As leaders of Europe’s airports gathered in Barcelona for their annual general meeting this week, a UK Parliamentary committee on climate change underscored the fundamental challenge the sector faces if it is to continue grow.

Noting that UK airports continue to develop capacity expansion plans, the Climate Change Committee on Wednesday reiterated its recommendation that there ”be no net expansion of UK airports” until a wider capacity framework is in place to ensure the sector can achieve the ”required pathway for UK aviation emissions”.

Heathrow-c-EQRoy_Shutterstock

Source: EQRoy/Shutterstock

The UK is not alone in making calls to curb air travel growth on environmental grounds, as evidenced by Dutch proposals to reduce flights at Amsterdam Schiphol airport to tackle noise, or the French move to ban, albeit once transfer flights are excluded, a small number of domestic services. 

While airlines have been quick to call out the bluntness of such approaches, it is clear airport expansion within Europe is politically difficult. ACI Europe director general Olivier Jankovec believes the industry is at risk from ”knee-jerk” reactions from politicians seeking quick ways to accelerate decarbonisation.

”I think we are very vulnerable, as this is linked to inequality and aviation is still considered as, by and large, a transportation mode that is used by people who can afford to travel,” he says.

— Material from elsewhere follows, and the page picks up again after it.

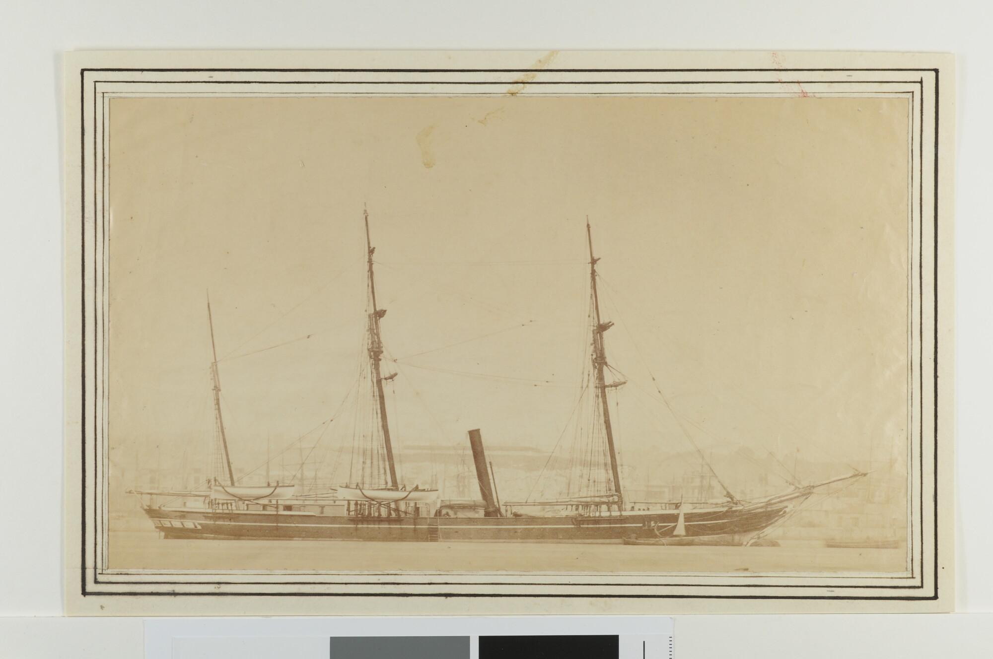 Gezicht op de "Pandora" bakboordaanzicht liggend in een onbekende haven.

”Because of the inequality dimension of the debate, policy-makers ignore the role aviation plays for the economy and social cohesion.”

Airports, like the wider aviation sector, are stepping up their own sustainability initiatives and Jankovec sees a role they can play in the green energy transition. Notably, Paris airports operator Groupe ADP earlier this month announced it is creating an engineering and consulting joint venture with Air Liquide focused on helping airports integrate hydrogen projects.

Diversification becomes more significant given the impact of Covid, which saw airport debt levels soar, and the likely effect on air-travel growth rates from sustainability challenges. This brings more focus on the thorny issue of charges, which airports argue will need to increase to fund future development if lower growth rates come to pass.

This puts them on collision course with airline body IATA, which has been highly critical of some high-profile price hikes.

ACI World director general Luis Felipe de Oliveira though is focusing on the common ground. “We have 85% of our issues in common. We have this common ground that we need to reach this huge target of decarbonisation,” he says. ”If you focus on this 85% and you continue to discuss this 15% in a different manner, I think it will be much more positive.”